Он знал все танцы на свете и учил меня танцевать. Почему-то очень любила гавайский, мы танцевали, не вынимая рук из карманов.
Один раз за столом он сказал, чтобы я не кочевряжилась, а то он мне стакан кефира выльет на голову.
Я сказала:
– Не выльешь!
И вдруг оказалась вся в кефирной жиже. Мама в ужасе, а я в восторге.
Мне никогда не нужно было бороться за его любовь.
Но без папы та, другая я, преследовала меня беспрестанно.
У меня всегда были мучения с кожей, а у нее – гладенькая, чистая. Кожа – это ведь не мешок для внутренностей, это то, чем мир до нас дотрагивается. Его щупальце. И заболевание кожи – это просто способ оградить себя от прикосновений. Сидишь себе, спрятавшись, будто в кокон. Она – та, другая я, ничего этого не понимала. Не понимала, что я всего боюсь – и больше всего быть с другими. Не понимала, как можно в гостях, когда все веселятся, запереться в туалете и сидеть просто так, не снимая трусов. Не понимала, как можно выучить наизусть доказательство теоремы Пифагора, а у доски открыть рот и остолбенеть, оставить свое тело, витать кругом и смотреть, будто со стороны, на себя беспомощную, жалкую, опустевшую. Про Пифагора у меня в голове осталось только, что, когда родители ему, ребенку, показали на столике основные формы, через которые невидимое являет себя людям: шар, пирамиду, куб, шерстяные лоскутки, яблоки, медовые лепешки и кувшинчик с вином, – и назвали их имена, то Пифагор, выслушав объяснения, опрокинул столик.
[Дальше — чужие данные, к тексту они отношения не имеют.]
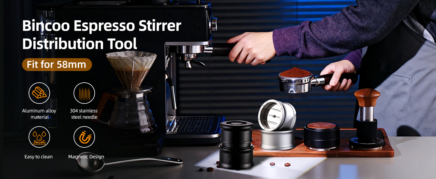 1. Effortless Rotating Espresso Distribution Tool for Home Use Bincoo espresso distribution tool makes home brewing simple. With a rotating design and 8 stainless steel needles, it quickly breaks up clumps and levels coffee grounds. This espresso stirrer tool helps home baristas achieve café‑quality shots without complicated techniques.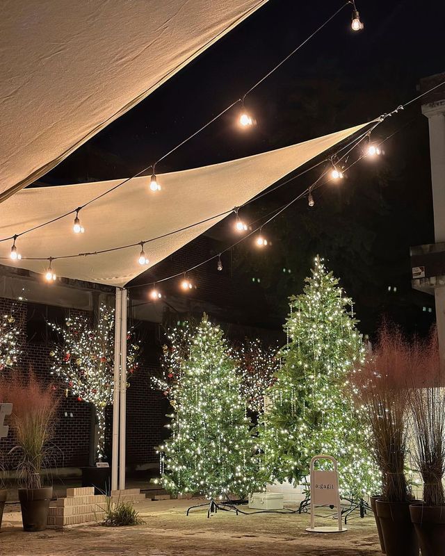 트리 장식 외에도 주변 벽과 지붕 그리고 맞은편까지 밤이 되면 조명에 매료되고 만다. 베이커리도 유명한 맛집이라, 빵들도 맛있고, 오색찬란 타르트들도 커피와 곁들이기 딱 좋다.

А сочинения за нее я всегда писала. И получала двойки. При этом учительница зачитывала их перед классом, вздыхая:
– Сашенька, тебе тяжело будет в жизни.
И ставила двойку, потому что я всегда писала не о том. Дают на выбор три темы, нужно писать про первое, про второе или про третье – а я пишу про пятое-десятое. Мне пятое-десятое важнее.
Я была уродка из семейства плеченогих, крыложаберных и мшанок. А она – хоровод Манаимский с глазами как озера Есевонские, что у ворот Батраббима. Я же помню, как меня поразило, каким взглядом смотрит на нее физрук на уроке.
Однажды переодевалась после школы и заметила, что в окне дома напротив кто-то из-за шторы за мной подглядывает в бинокль. Я от ужаса присела под подоконник, а она, наоборот, начала устраивать целое представление.
Когда я была маленькой, она мне говорила ночью, чтобы напугать, что она – ведьма и обладает властью над людьми. А в доказательство приводила свои глаза – левый голубой, а правый – карий. И рассказывала, что у нее были бородавки, а когда мы ночевали в гостях, то она помылась мочалкой в том доме, после чего у нее бородавки исчезли, а у другого ребенка, который там жил, появились. Но главным аргументом были, конечно, глаза. Она говорила, что может кого угодно сглазить. Девчонки ее не то чтобы боялись, но мало ли что. Она действительно умела заговаривать кровь – полижет ранку, прошепчет что-то, и кровь останавливалась.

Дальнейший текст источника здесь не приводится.